諏訪課長は「気を使うのは選手の移籍や退団。移籍報道があるとびくびくする」と話す。肉声案内を担当している選手が退団をすることになるとその代役が必要になるし、車内に掲示する選手の写真も変わってくる。
選手の変動といえば、全国のカープファンが泣いた黒田博樹投手(当時)が大リーグから復帰した際にも工夫した。2010年から5年連続2桁勝利という活躍をして、メジャー球団から高額年棒を提示されていた黒田投手がカープに戻ってくるという報道が出たのは2014年12月下旬。注目を集める黒田投手復帰となれば、2015年のカープ電車のデザインに使わないわけにはいかない。だが、スケジュールの都合で写真が間に合わない。
そこで考えた末に、他の選手が写真で電車内に掲出される中、黒田投手については「カープファンが見れば、黒田投手とわかるピッチングフォームのシルエット」(諏訪課長)を用いて「COMING SOON」とデザインした。そのうえで、2015年シーズンが始まった後、黒田投手本人の写真と差し替えた。
優勝のときの花電車やヘッドマーク、列車の装飾にも関係者が腕を振るう。シーズン中、いよいよ「今年は優勝しそうだ」という状況になってくると早めに準備を始め、優勝が決まったらすぐに車庫に止まっている電車にヘッドマークなどの装飾を施し、タイムリーに翌日から運行できるようにしているという。
カープは一大ブランド
カープ球団でライセンス部や地域担当室の課長を務める山根章平さんは、商標の無償使用を認める理由について「カープという球団が地域に支えられて育て上げられてきた球団であり、自分たちなりの地域へのお返し」と話す。
使用の許否は申請を受けたうえで個別具体的な判断となる。

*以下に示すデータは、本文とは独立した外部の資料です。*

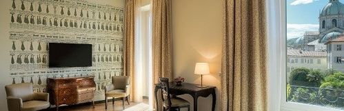 Goście Palace Hotel Como mają do dyspozycji przestronne i stylowe pokoje (niektóre z widokiem na jezioro) wyposażone w mini bar, telewizję satelitarną/kablową i telewizor z płaskim ekranem. Prywatne łazienki posiadają suszarkę do włosów.

鉄道やバスなど民間企業が運営していても公共性が高い場合は無償使用を認めているという。広島電鉄のほかには、県北部でバス事業を展開する備北交通のカープラッピングバス、「芸備線にカープ号を走らす会」が取り組んだキハ120のラッピング列車の例がある。
カープ球団は、原爆の甚大な被害の跡が残る広島で1950年に設立された。市民が「自分たちの球団」という愛着を持って、「広島といえばカープ」「カープといえば広島」というべき存在にまで育ててきたカープは、同地の一大ブランドである。カープ電車は市民から長年愛されている球団ならではの商標の効果的な活用法を示した好例といえるだろう。